**ABOUT THIS TASK:** What is needed is an exact copy of the data below, pictures excluded.

**EXERCISE DATA:**
-.-.-

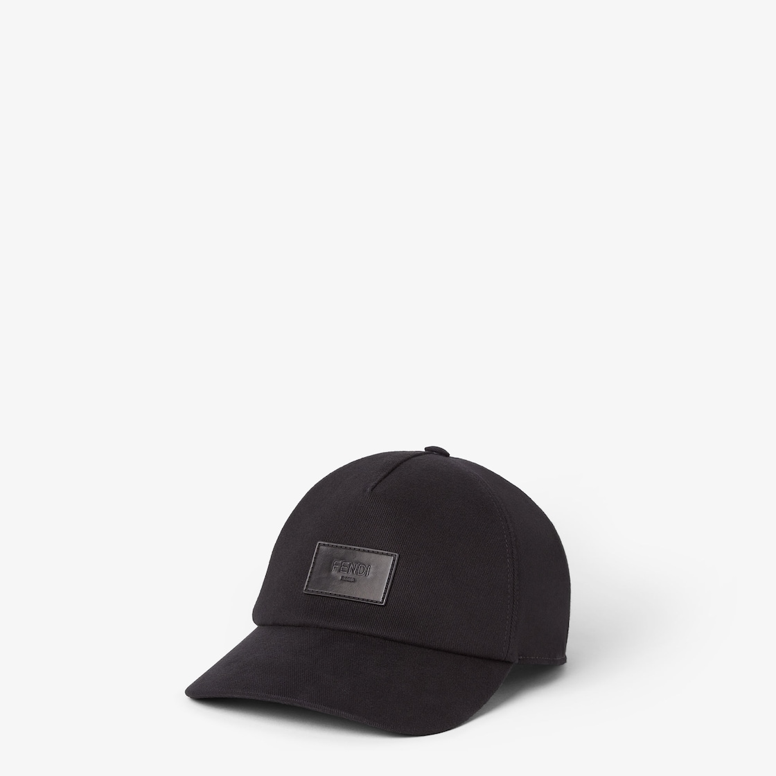 Baseball cap with semi-stiff peak made entirely in black cotton canvas. Customised with leather Fendi Roma patch in matching terry on the front.
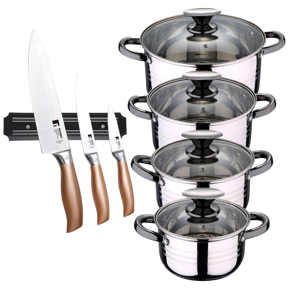 BERGNER - DINA 8-teiliges Kochgeschirr-Set (16/18/20/24cm) aus Edelstahl, induktions, mit einem Set aus 3 Messern und einer magnetischen Wandhalterung
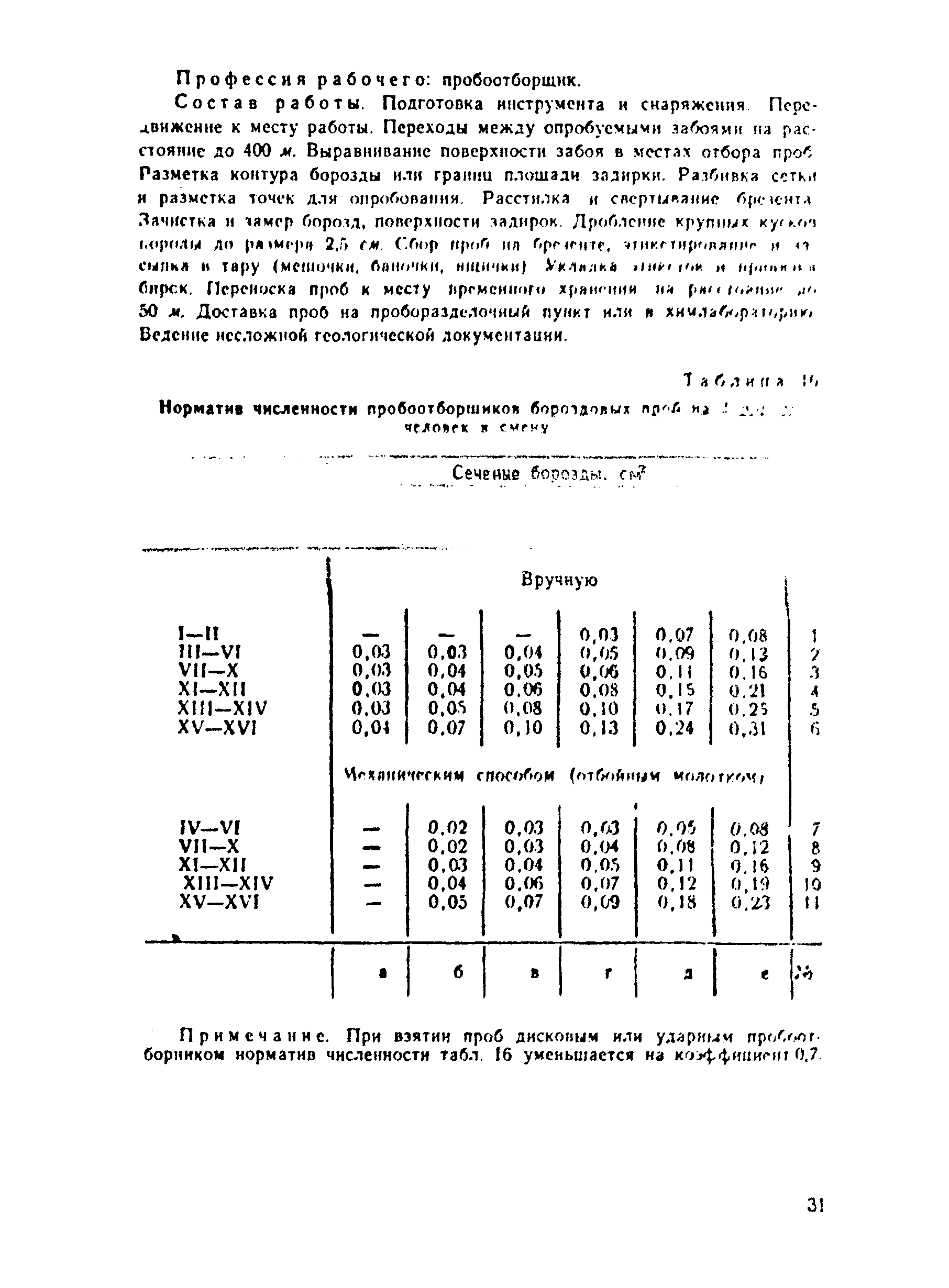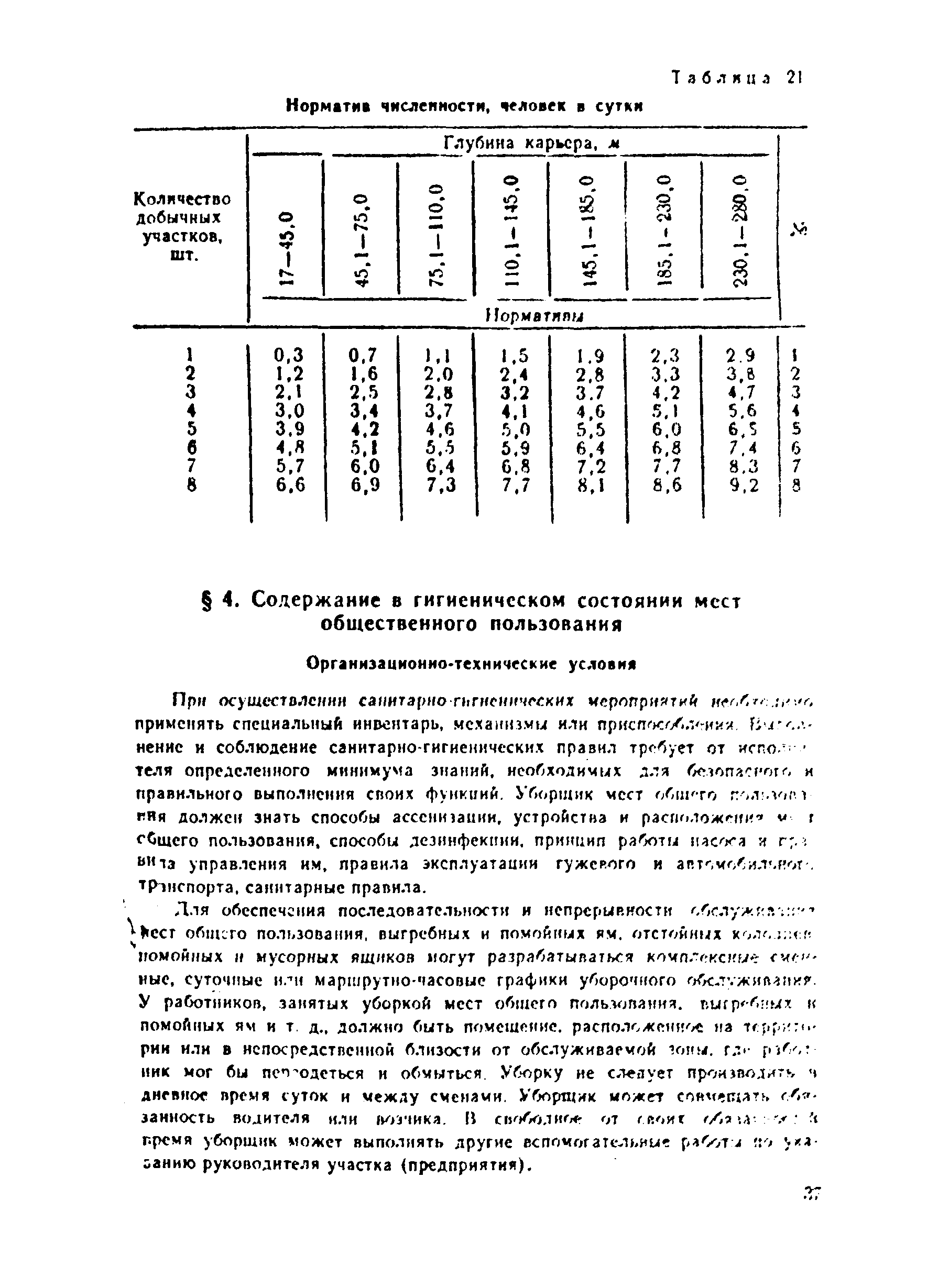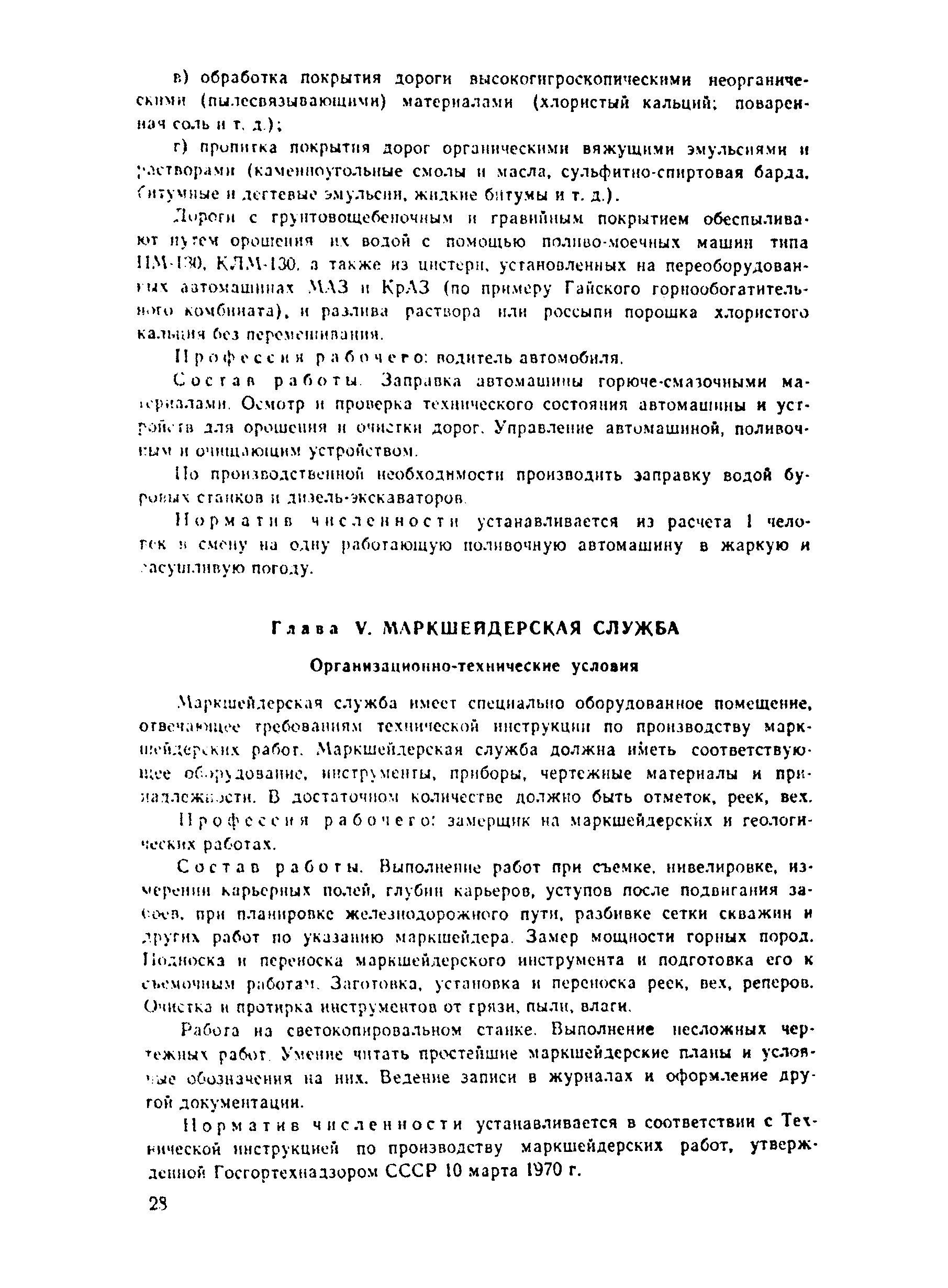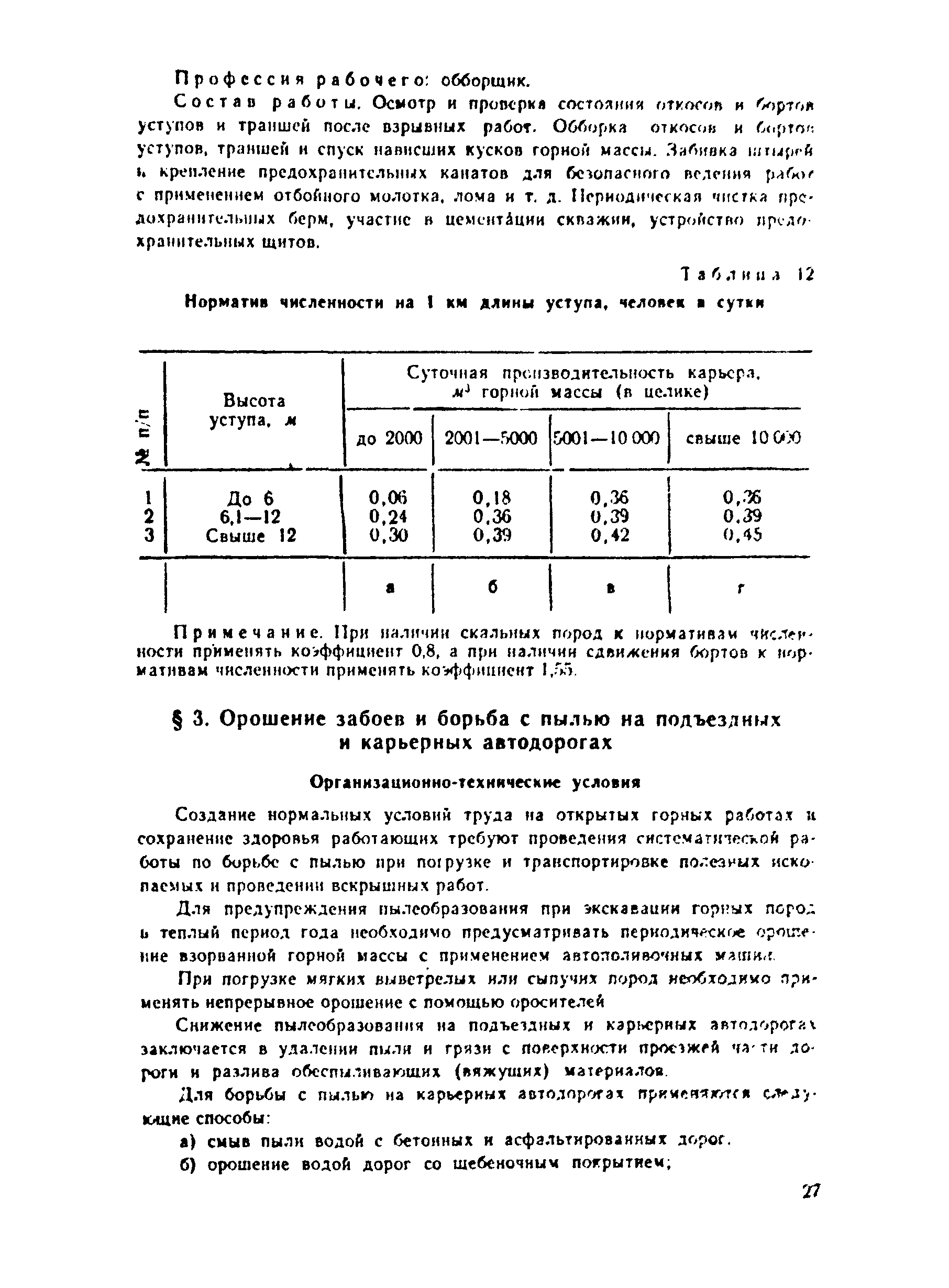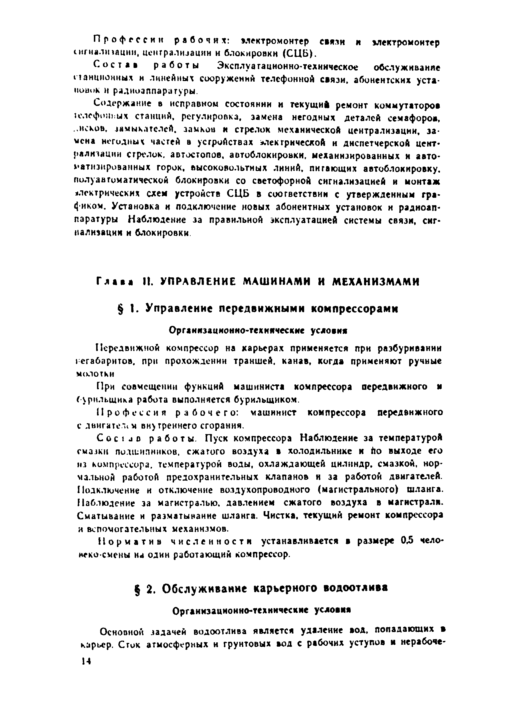 Нормативы численности вспомогательных рабочих на открытых горных работах предприятий горнодобывающей промышленности| Статус: | справочные материалы, мп, тпр | | Название рус.: | Нормативы численности вспомогательных рабочих на открытых горных работах предприятий горнодобывающей промышленности | | Дата добавления в базу: | 01.02.2020 | | Дата актуализации: | 01.01.2021 | | Область применения: | Нормативы численности рекомендованы для применения на открытых горных работах предприятий горнодобывающей промышленности. | | Оглавление: | Общая часть Организация труда Нормативная часть Глава I. Обслуживание электротехнического хозяйства горных участков Глава II. Управление машинами и механизмами Глава III. Работы, связанные с транспортными средствами Глава IV. Содержание подъездов, дорог для автосамосвалов и создание условий безопасной работы в карьере Глава V. Маркшейдерская служба Глава VI. Учет и контроль качества продукции Глава VII. Обслуживание и производство взрывных работ Глава VIII. Работы по хозяйственному обслуживанию карьеров и прочие работы | | Разработан: | ГИГХС ЦБПНП

-.-.-

**EXERCISE OUTPUT:**
 Baseball cap with semi-stiff peak made entirely in black cotton canvas. Customised with leather Fendi Roma patch in matching terry on the front.
 BERGNER - DINA 8-teiliges Kochgeschirr-Set (16/18/20/24cm) aus Edelstahl, induktions, mit einem Set aus 3 Messern und einer magnetischen Wandhalterung
 Нормативы численности вспомогательных рабочих на открытых горных работах предприятий горнодобывающей промышленности| Статус: | справочные материалы, мп, тпр | | Название рус.: | Нормативы численности вспомогательных рабочих на открытых горных работах предприятий горнодобывающей промышленности | | Дата добавления в базу: | 01.02.2020 | | Дата актуализации: | 01.01.2021 | | Область применения: | Нормативы численности рекомендованы для применения на открытых горных работах предприятий горнодобывающей промышленности. | | Оглавление: | Общая часть Организация труда Нормативная часть Глава I. Обслуживание электротехнического хозяйства горных участков Глава II. Управление машинами и механизмами Глава III. Работы, связанные с транспортными средствами Глава IV. Содержание подъездов, дорог для автосамосвалов и создание условий безопасной работы в карьере Глава V. Маркшейдерская служба Глава VI. Учет и контроль качества продукции Глава VII. Обслуживание и производство взрывных работ Глава VIII. Работы по хозяйственному обслуживанию карьеров и прочие работы | | Разработан: | ГИГХС ЦБПНП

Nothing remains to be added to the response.